RaSCL: Radar to Satellite Crossview Localization
Blerim Abdullai, Tony Wang, Xinyuan Qiao, Florian Shkurti, Timothy D. Barfoot
TL;DR
The paper presents a GNSS-free global localization framework that fuses ground mmWave radar with overhead RGB satellite imagery by jointly optimizing radar odometry and satellite-based registration. A learned occupancy predictor converts satellite imagery into a point-cloud-like representation, enabling ICP-based alignment with radar scans, while a factor-graph backbone fuses this global registration with local radar odometry over a sliding window. The method is evaluated on urban, suburban, and marine datasets (Boreas, Oxford, and Boat), showing improved localization over prior radar-to-overhead approaches in several settings and demonstrating robustness to occlusions and unseen terrain.

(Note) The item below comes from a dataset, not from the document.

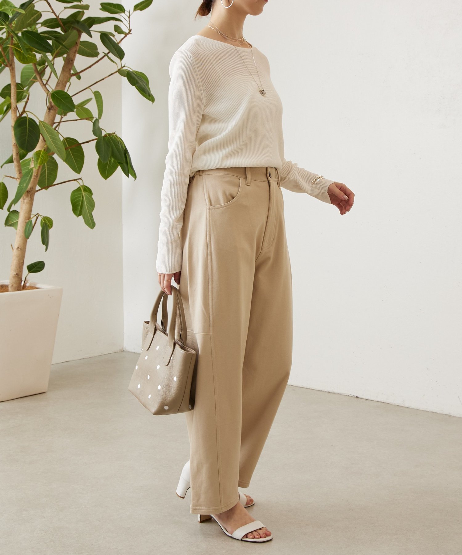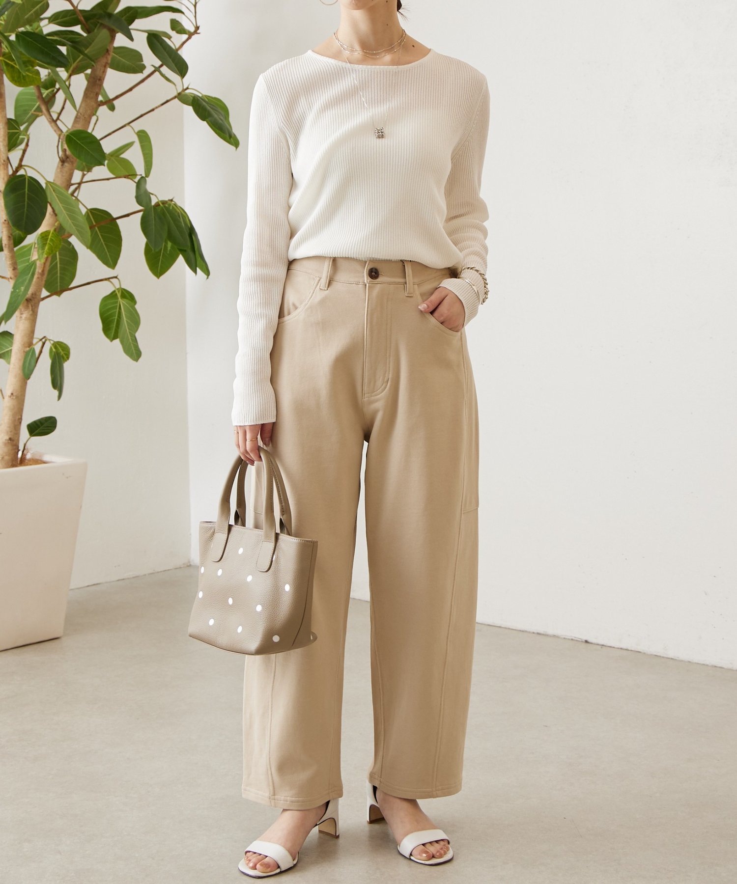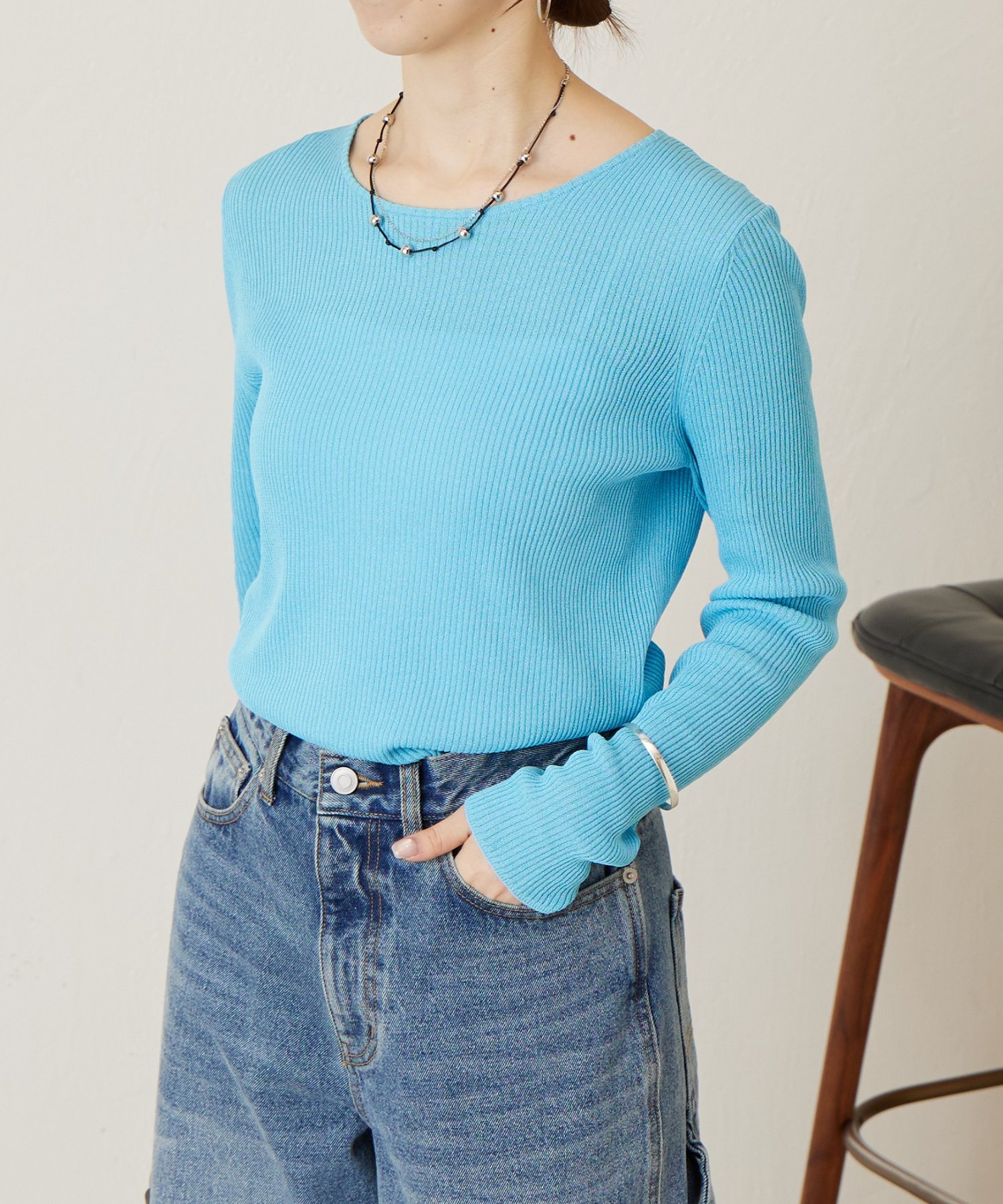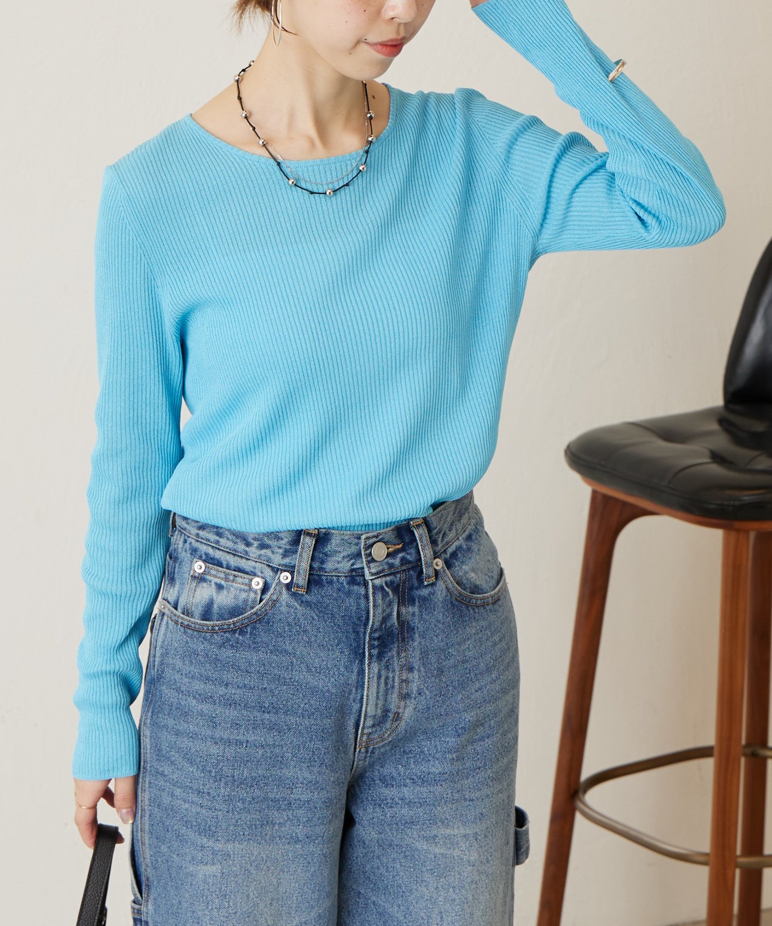 身体に沿いすぎないリブのフィット感と程よい伸縮性で、デイリーからきれいめまで幅広く活躍する一枚です。
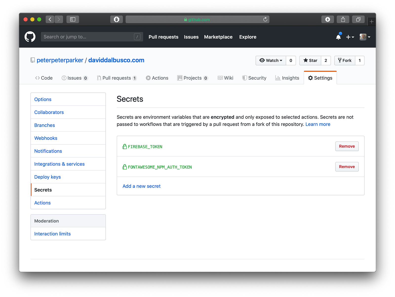 As we didnāt provided the token in the previous file, we will have to provide it to the GitHub action in a different way otherwise it will still not be able to download the dependency. Fortunately GitHub already provide an option to keep environment variables secret. Therefore we make the most of this option and we create a new secret for our Font Awesome NPM token. For example letās call it FONTAWESOME_NPM_AUTH_TOKEN.

This work advances GPS-independent localization for diverse autonomous platforms, with practical implications for field robotics in unmapped or challenging environments.
Abstract
GNSS is unreliable, inaccurate, and insufficient in many real-time autonomous field applications. In this work, we present a GNSS-free global localization solution that contains a method of registering imaging radar on the ground with overhead RGB imagery, with joint optimization of relative poses from odometry and global poses from our overhead registration. Previous works have used various combinations of ground sensors and overhead imagery, and different feature extraction and matching methods. These include various handcrafted and deep-learning-based methods for extracting features from overhead imagery. Our work presents insights on extracting essential features from RGB overhead images for effective global localization against overhead imagery using only ground radar and a single georeferenced initial guess. We motivate our method by evaluating it on datasets in diverse geographic conditions and robotic platforms, including on an Unmanned Surface Vessel (USV) as well as urban and suburban driving datasets.